Read Conan the Conqueror Page 55


  But the chant—deep, low-pitched, and indescribably ominous—came to a conclusion at last, and a shouted acclaim from the acolytes marked its period. Lifting his head and raising his arms toward the silent form on the dais, Gorulga cried in the deep, rich resonance that was the natural attribute of the Keshani priest: “O great goddess, dweller with the great one of darkness, let thy heart be melted, thy lips opened for the ears of thy slave whose head is in the dust beneath thy feet! Speak, great goddess of the holy valley! Thou knowest the paths before us; the darkness that vexes us is as the light of the midday sun to thee. Shed the radiance of thy wisdom on the paths of thy servants! Tell us, O mouthpiece of the gods: what is their will concerning Thutmekri the Stygian?”

  The high-piled burnished mass of hair that caught the torchlight in dull bronze gleams quivered slightly. A gusty sigh rose from the blacks, half in awe, half in fear. Muriela’s voice came plainly to Conan’s ears in the breathless silence, and it seemed cold, detached, impersonal, though he winced at the Corinthian accent.

  “It is the will of the gods that the Stygian and his Shemitish dogs be driven from Keshan!” She was repeating his exact words. “They are thieves and traitors who plot to rob the gods. Let the Teeth of Gwahlur be placed in the care of the general Conan. Let him lead the armies of Keshan. He is beloved of the gods!”

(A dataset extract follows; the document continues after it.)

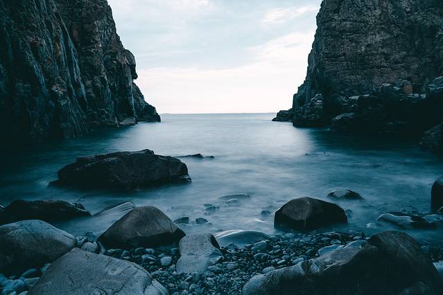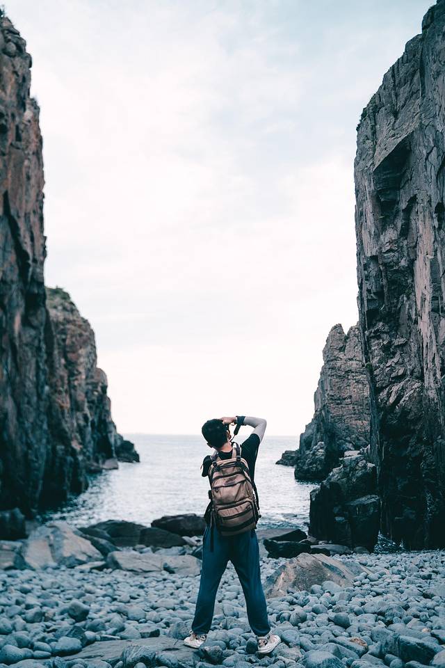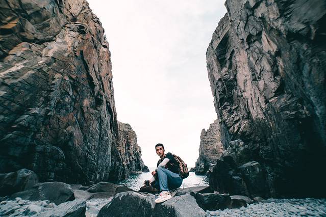 到了仙人井底下,黑色的悬崖和鹅卵石,清澈的浪花,颇有冰岛黑沙滩的感觉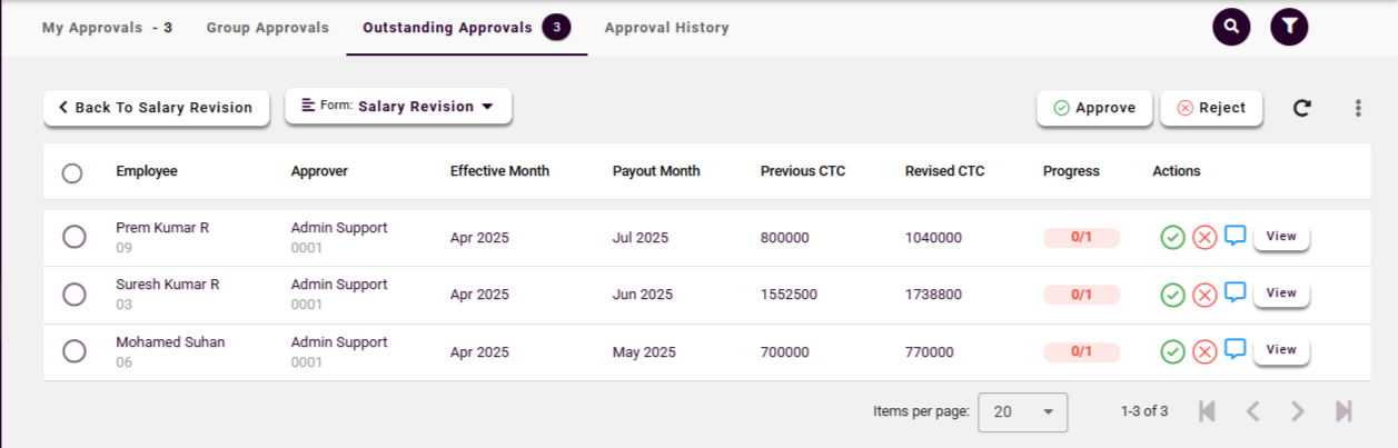 Designated approvers can view all the salary revision requests that are pending approval. They have the ability to take action on these requests, either by approving or rejecting them based on the information provided.

  There was a quiver in her voice as she ended, and Conan began to sweat, believing she was on the point of an hysterical collapse. But the blacks did not notice, any more than they identified the Corinthian accent, of which they knew nothing. They smote their palms softly together and a murmur of wonder and awe rose from them. Gorulga’s eyes glittered fanatically in the torchlight.

  “Yelaya has spoken!” he cried in an exalted voice. “It is the will of the gods! Long ago, in the days of our ancestors, they were made taboo and hidden at the command of the gods, who wrenched them from the awful jaws of Gwahlur the king of darkness, in the birth of the world. At the command of the gods the Teeth of Gwahlur were hidden; at their command they shall be brought forth again. O star-born goddess, give us your leave to go to the secret hiding-place of the Teeth to secure them for him whom the gods love!”

  “You have my leave to go!” answered the false goddess, with an imperious gesture of dismissal that set Conan grinning again, and the priests backed out, ostrich plumes and torches rising and falling with the rhythm of their genuflexions.

  The gold door closed and with a moan, the goddess fell back limply on the dais. “Conan!” she whimpered faintly. “Conan!”

  “Shhh!” he hissed through the apertures, and turning, glided from the niche and closed the panel. A glimpse past the jamb of the carven door showed him the torches receding across the great throne room, but he was at the same time aware of a radiance that did not emanate from the torches. He was startled, but the solution presented itself instantly. An early moon had risen and its light slanted through the pierced dome which by some curious workmanship intensified the light. The shining dome of Alkmeenon was no fable, then. Perhaps its interior was of the curious whitely flaming crystal found only in the hills of the black countries. The light flooded the throne room and seeped into the chambers immediately adjoining.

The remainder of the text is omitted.